**Aim of the task:**
Range to copy from the entries below: the line containing "鮮やかな緑色でした。羽化してあまり時間が経っていないので" through the line containing "- комплект включає", inclusive. Retype only those lines, exactly, without any images.

Segment Start: Record set

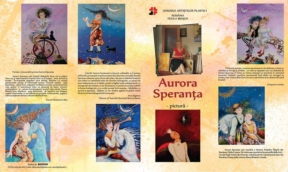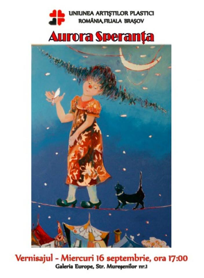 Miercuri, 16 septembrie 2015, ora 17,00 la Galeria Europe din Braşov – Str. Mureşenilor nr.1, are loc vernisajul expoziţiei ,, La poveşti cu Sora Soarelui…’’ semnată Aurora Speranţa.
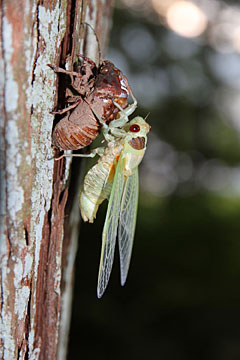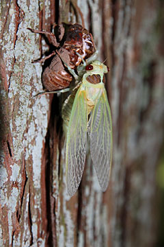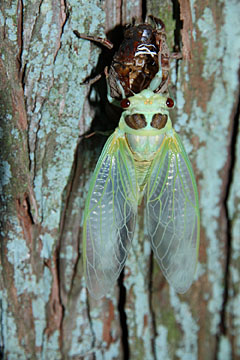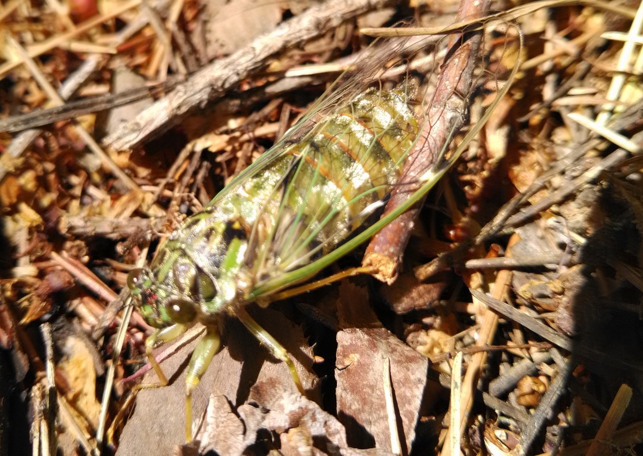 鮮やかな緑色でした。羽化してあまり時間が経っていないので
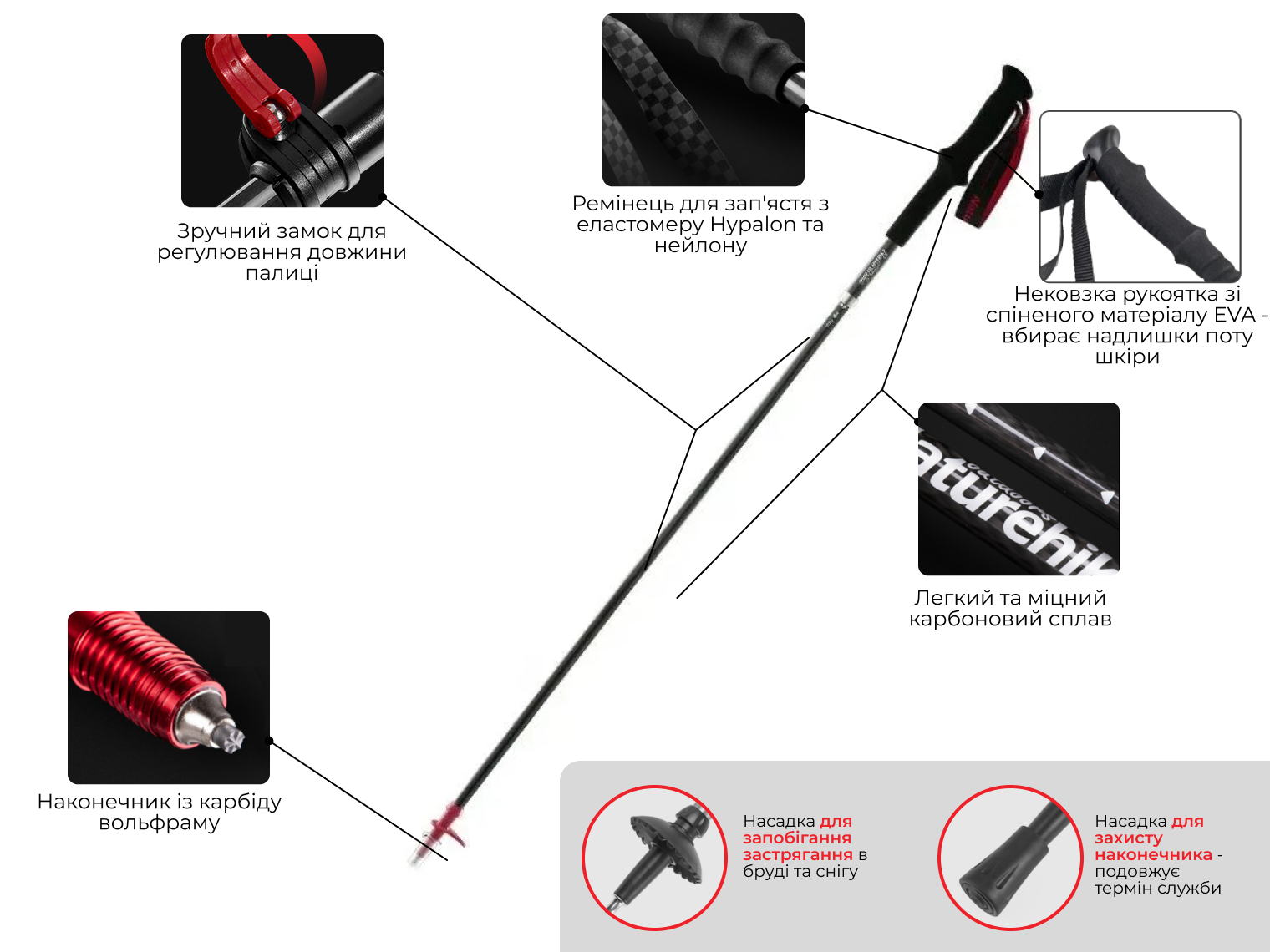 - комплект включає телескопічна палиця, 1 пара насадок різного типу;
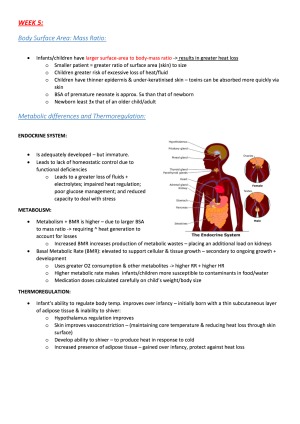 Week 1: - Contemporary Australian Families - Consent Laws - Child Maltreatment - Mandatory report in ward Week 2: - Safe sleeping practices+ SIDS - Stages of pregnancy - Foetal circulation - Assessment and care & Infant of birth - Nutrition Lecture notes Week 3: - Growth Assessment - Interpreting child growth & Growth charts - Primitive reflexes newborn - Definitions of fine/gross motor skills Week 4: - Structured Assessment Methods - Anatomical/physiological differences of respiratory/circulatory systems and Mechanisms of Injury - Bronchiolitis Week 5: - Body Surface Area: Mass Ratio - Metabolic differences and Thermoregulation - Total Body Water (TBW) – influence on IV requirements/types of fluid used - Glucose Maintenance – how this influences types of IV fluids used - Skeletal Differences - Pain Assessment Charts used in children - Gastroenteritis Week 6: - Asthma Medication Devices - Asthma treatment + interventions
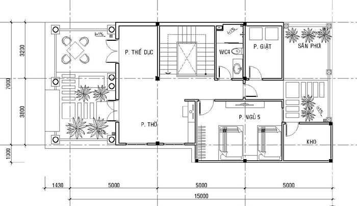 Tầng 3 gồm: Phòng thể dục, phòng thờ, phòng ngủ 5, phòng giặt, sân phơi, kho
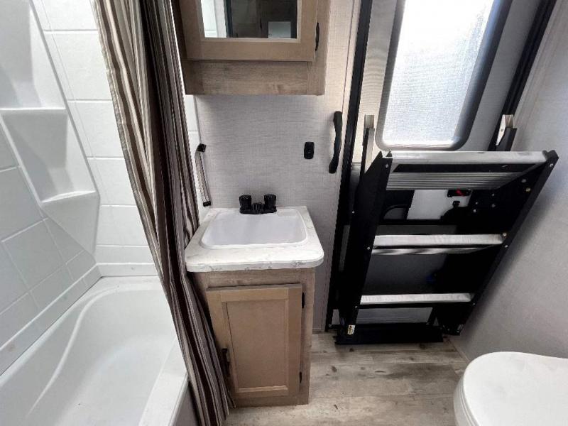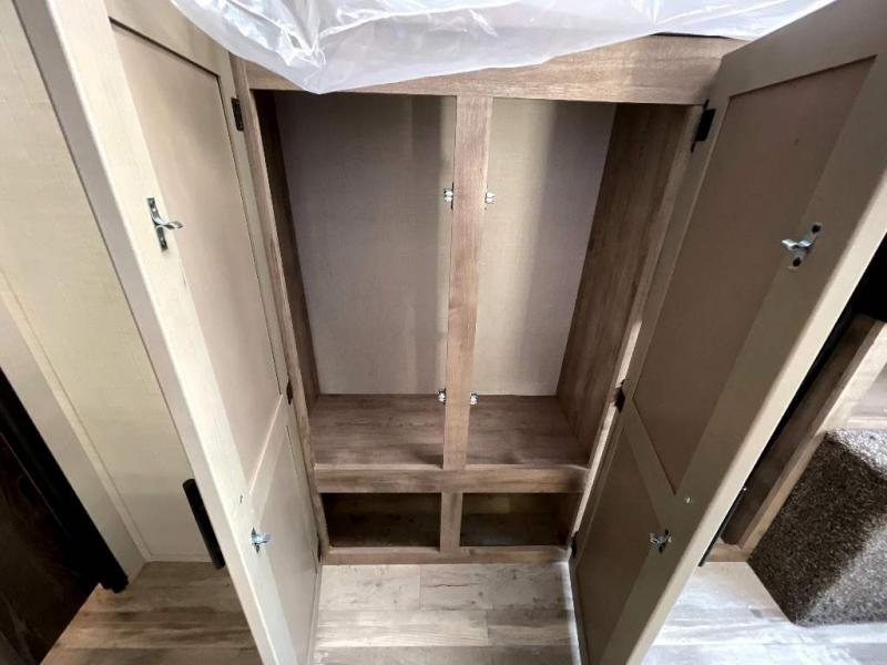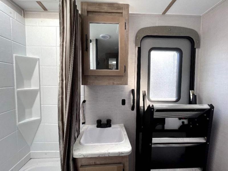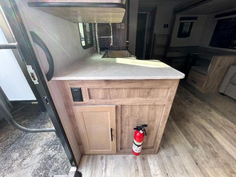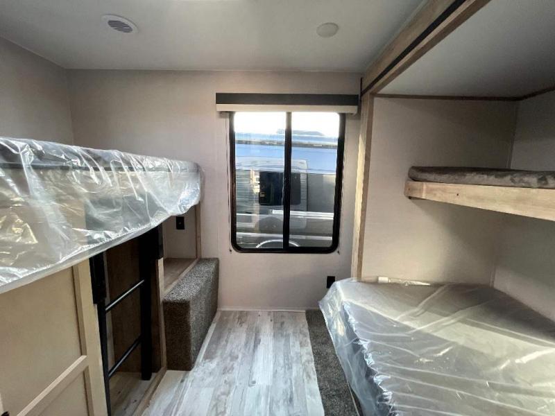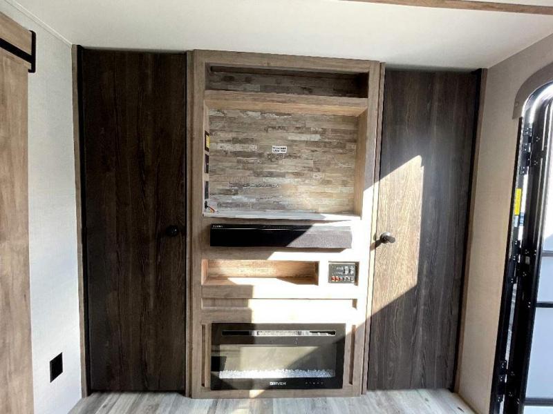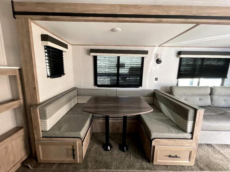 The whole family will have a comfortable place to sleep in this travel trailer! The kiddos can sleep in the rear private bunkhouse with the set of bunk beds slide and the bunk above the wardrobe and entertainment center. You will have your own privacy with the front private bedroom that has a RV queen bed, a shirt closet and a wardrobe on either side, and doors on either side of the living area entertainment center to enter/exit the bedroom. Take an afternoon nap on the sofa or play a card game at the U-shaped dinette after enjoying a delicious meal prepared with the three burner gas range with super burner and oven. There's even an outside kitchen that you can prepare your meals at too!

Segment End: Record set

**Response box:**
 鮮やかな緑色でした。羽化してあまり時間が経っていないので
 - комплект включає телескопічна палиця, 1 пара насадок різного типу;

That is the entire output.